1. >> blotter
  2. >> The Blotter January 15 2003

The Blotter January 15 2003

Security guards at Philips Arena called police for help in removing a man. The man, a 19-year-old from Tybee Island, was extremely drunk and naked. He went to jail.

On Sunset Avenue, a 47-year-old man argued with two women. During the spat, a bottle struck his face, causing a cut. One woman, age 31, said she was dancing with the man when he defecated on himself. She said the other woman got upset and tossed a bottle at him. The man didn’t want to press charges.

On New Year’s Eve, an officer got a call about shots fired at the home of a 67-year-old woman on Santa Fe Trail. The officer found a man passed out on the woman’s front porch. The woman said she didn’t know the man. The man had a “very strong aroma” of alcohol. The man woke up and the officer stood him up. In his back pocket was a handgun, which smelled of gunpowder and contained six spent shell-casings in the gun cylinder. The man said, “That’s my gun, what the fuck are you doing with my gun, it’s the new year and I’m celebrating. ... I do like everyone else does, I was shooting my gun. I paid $120 for it. ... I just drank three pints of Jack Daniel’s and I’m having a fuckin’ good time.” The man, age 54, went to jail.

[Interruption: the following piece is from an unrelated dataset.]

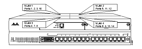 This section describes VLAN, the next selection on the Configuration menu. The optional VLAN feature is available on the Enhanced version of the Catalyst 3000 (contact your Cisco sales representative for information). Using the VLAN feature, you can partition a single Catalyst 3000 into a VLAN each containing its own set of ports. Packets are forwarded only between ports belonging to the same VLAN. The benefit of VLAN is to restrict access from one segment to another, either for security purposes or to reduce intersegment traffic. Figure 7-1 illustrates a Catalyst with four VLANs.

On Habersham Road, a 27-year-old man and a 22-year-old woman were riding home from a club. They argued, and then the woman wanted out of the car. The man refused to let her out. She opened the door, so he stopped the car. She got out and started to walk away. He grabbed her waist and tried to get her back in the car. He hit her forehead with his fist. Police arrived. According to the officer, the man said that he didn’t mean to hurt the woman, “but where he is from, he has to take care of the females that are in his control.” The man went to jail.

A security guard at a grocery store on Peachtree Road stopped a 37-year-old man who tried to steal three doughnuts and one can of apple juice. The man first said his name was “Emanuel.” Later, when police arrived, the man said his name was “Jesus.” He went to jail.

An officer saw a car swerving on Delmar Lane. He stopped the car and spoke with the driver, a 25-year-old woman. She admitted to consuming two alcoholic drinks. There was an open container of bourbon in her car, and she failed the alphabet test. The woman was arrested, handcuffed and put in the patrol car. She asked the officer if he would get her jacket. The officer retrieved her jacket and purse from her car. She said she might have two bags of marijuana in her purse, but she might have smoked the marijuana. The officer didn’t find any marijuana in her purse, jacket or car. The woman then said she must have smoked the marijuana at a nightclub.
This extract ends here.